--- THE PROBLEM ---
Copy exactly the lines of the records below, and only those lines, beginning with the line that contains "Observed Data T" and ending with the line that contains "Verder heeft zij".

--- MATERIAL FOR THIS TASK ---
★ ★ ★ ★
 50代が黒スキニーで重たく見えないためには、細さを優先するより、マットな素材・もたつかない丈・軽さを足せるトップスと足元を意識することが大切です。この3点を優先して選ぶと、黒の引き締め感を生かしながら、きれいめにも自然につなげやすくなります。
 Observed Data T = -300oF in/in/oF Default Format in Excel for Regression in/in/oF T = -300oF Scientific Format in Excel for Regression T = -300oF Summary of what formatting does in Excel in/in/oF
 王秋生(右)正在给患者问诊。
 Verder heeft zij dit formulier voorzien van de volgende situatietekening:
★ ★ ★ ★
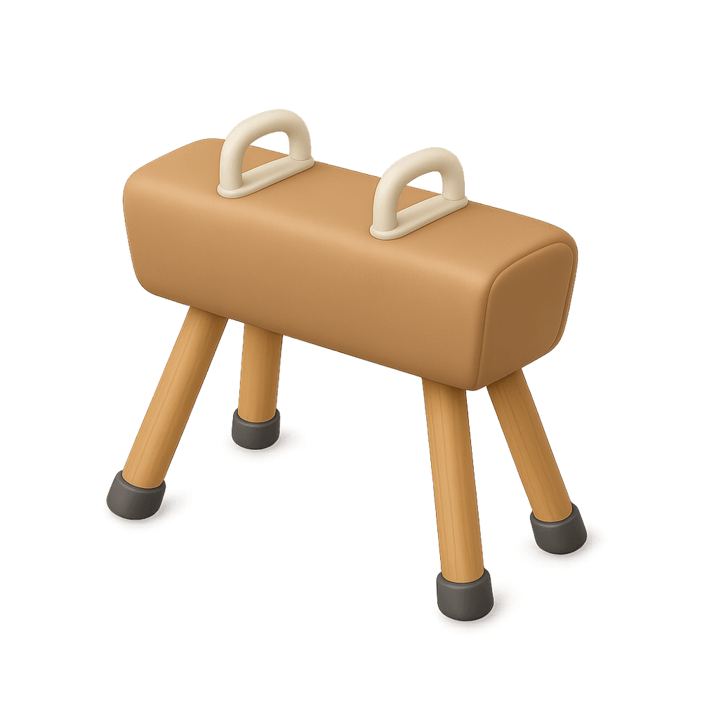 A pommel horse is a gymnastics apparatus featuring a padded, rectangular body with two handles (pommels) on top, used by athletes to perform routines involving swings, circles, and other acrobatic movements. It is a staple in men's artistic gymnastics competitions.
★ ★ ★ ★
--- TASK RESULT ---
 Observed Data T = -300oF in/in/oF Default Format in Excel for Regression in/in/oF T = -300oF Scientific Format in Excel for Regression T = -300oF Summary of what formatting does in Excel in/in/oF
 王秋生(右)正在给患者问诊。
 Verder heeft zij dit formulier voorzien van de volgende situatietekening:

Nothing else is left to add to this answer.